Problem requirements
Pictures aside, return every line below exactly as written.

Supplied data
<<<<
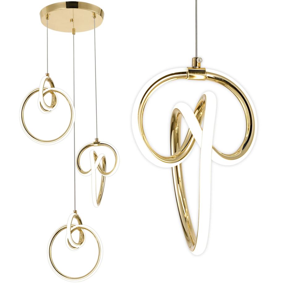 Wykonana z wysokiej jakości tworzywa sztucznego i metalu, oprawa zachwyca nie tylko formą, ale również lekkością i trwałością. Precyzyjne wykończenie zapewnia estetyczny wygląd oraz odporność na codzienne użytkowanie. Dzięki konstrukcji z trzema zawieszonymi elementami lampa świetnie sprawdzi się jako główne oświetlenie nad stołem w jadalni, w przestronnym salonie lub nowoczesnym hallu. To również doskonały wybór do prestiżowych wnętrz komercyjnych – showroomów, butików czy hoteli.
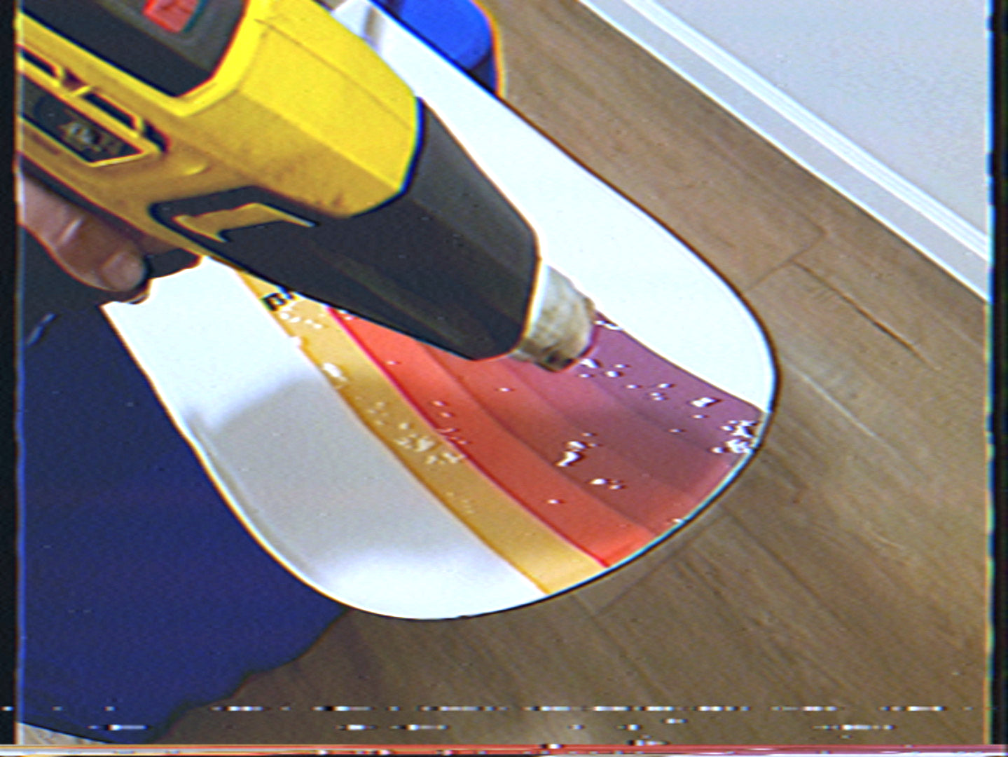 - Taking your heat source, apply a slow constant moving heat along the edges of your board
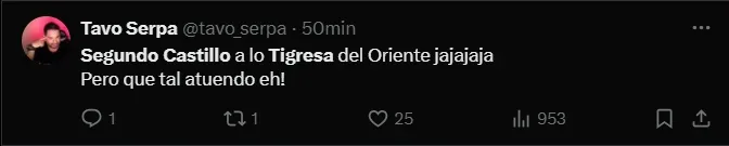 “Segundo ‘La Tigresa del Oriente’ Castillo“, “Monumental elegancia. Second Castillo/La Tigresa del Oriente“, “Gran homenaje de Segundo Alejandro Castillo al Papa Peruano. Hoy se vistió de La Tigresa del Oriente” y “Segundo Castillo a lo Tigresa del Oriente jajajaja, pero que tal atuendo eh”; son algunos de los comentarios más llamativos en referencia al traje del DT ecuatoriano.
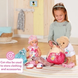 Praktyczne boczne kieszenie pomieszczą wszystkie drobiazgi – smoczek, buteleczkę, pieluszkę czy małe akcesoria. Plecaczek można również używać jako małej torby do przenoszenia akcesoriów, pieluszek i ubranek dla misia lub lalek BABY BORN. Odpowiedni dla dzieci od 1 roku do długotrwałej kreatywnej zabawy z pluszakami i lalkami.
>>>>
Response box
 Wykonana z wysokiej jakości tworzywa sztucznego i metalu, oprawa zachwyca nie tylko formą, ale również lekkością i trwałością. Precyzyjne wykończenie zapewnia estetyczny wygląd oraz odporność na codzienne użytkowanie. Dzięki konstrukcji z trzema zawieszonymi elementami lampa świetnie sprawdzi się jako główne oświetlenie nad stołem w jadalni, w przestronnym salonie lub nowoczesnym hallu. To również doskonały wybór do prestiżowych wnętrz komercyjnych – showroomów, butików czy hoteli.
 - Taking your heat source, apply a slow constant moving heat along the edges of your board
 “Segundo ‘La Tigresa del Oriente’ Castillo“, “Monumental elegancia. Second Castillo/La Tigresa del Oriente“, “Gran homenaje de Segundo Alejandro Castillo al Papa Peruano. Hoy se vistió de La Tigresa del Oriente” y “Segundo Castillo a lo Tigresa del Oriente jajajaja, pero que tal atuendo eh”; son algunos de los comentarios más llamativos en referencia al traje del DT ecuatoriano.
 Praktyczne boczne kieszenie pomieszczą wszystkie drobiazgi – smoczek, buteleczkę, pieluszkę czy małe akcesoria. Plecaczek można również używać jako małej torby do przenoszenia akcesoriów, pieluszek i ubranek dla misia lub lalek BABY BORN. Odpowiedni dla dzieci od 1 roku do długotrwałej kreatywnej zabawy z pluszakami i lalkami.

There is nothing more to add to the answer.